YOUR ASSIGNMENT:
Pictures stay out of the copy, which must hold exactly the lines from the one containing "まずは横から、猫背矯正後の背" through the end of the material below.

DATA BLOCK:
┌──
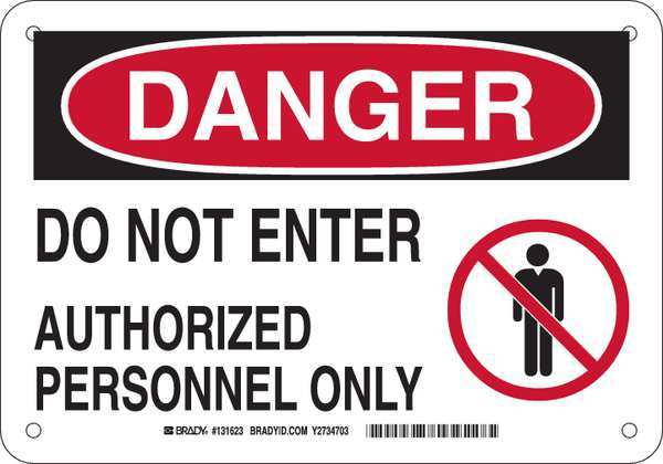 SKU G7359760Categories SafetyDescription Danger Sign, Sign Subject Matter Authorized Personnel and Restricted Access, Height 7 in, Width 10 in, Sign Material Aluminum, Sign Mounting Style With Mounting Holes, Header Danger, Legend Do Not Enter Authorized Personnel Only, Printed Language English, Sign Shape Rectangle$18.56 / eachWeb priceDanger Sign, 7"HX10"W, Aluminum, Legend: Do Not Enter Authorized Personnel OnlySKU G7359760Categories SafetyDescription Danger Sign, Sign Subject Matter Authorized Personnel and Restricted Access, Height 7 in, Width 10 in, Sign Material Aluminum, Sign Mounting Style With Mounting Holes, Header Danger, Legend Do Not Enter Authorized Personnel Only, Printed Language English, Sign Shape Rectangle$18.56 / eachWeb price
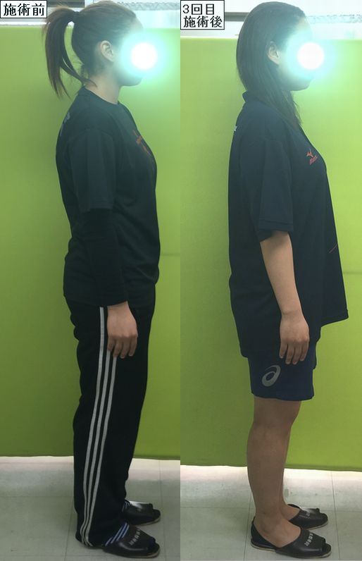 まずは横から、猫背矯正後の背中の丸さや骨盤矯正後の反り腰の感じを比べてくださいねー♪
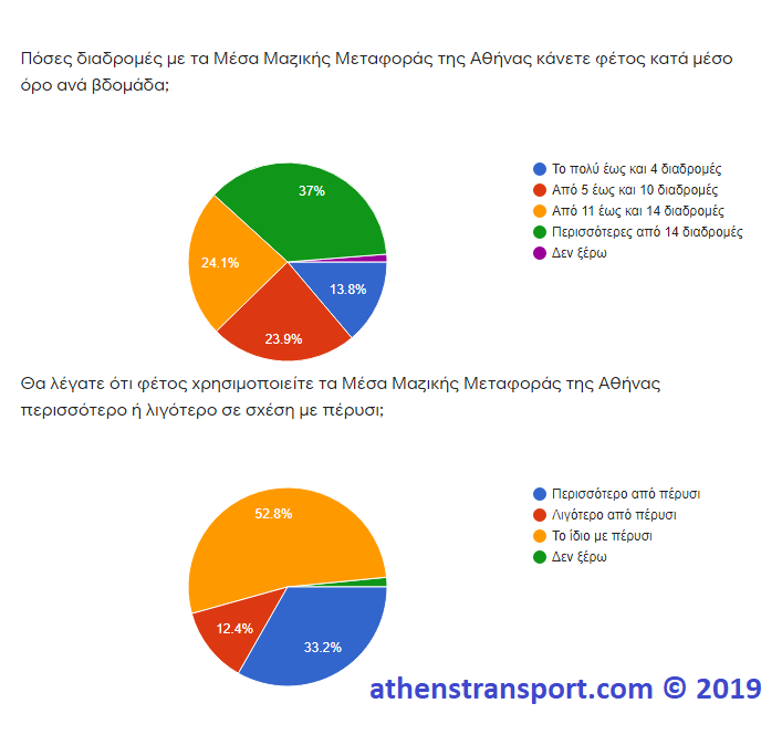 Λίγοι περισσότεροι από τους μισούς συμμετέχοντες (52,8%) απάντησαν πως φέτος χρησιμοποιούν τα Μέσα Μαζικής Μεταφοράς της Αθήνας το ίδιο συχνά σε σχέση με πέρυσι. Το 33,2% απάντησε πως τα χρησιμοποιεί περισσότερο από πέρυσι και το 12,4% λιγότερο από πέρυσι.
└──
WRITTEN REPLY:
 まずは横から、猫背矯正後の背中の丸さや骨盤矯正後の反り腰の感じを比べてくださいねー♪
 Λίγοι περισσότεροι από τους μισούς συμμετέχοντες (52,8%) απάντησαν πως φέτος χρησιμοποιούν τα Μέσα Μαζικής Μεταφοράς της Αθήνας το ίδιο συχνά σε σχέση με πέρυσι. Το 33,2% απάντησε πως τα χρησιμοποιεί περισσότερο από πέρυσι και το 12,4% λιγότερο από πέρυσι.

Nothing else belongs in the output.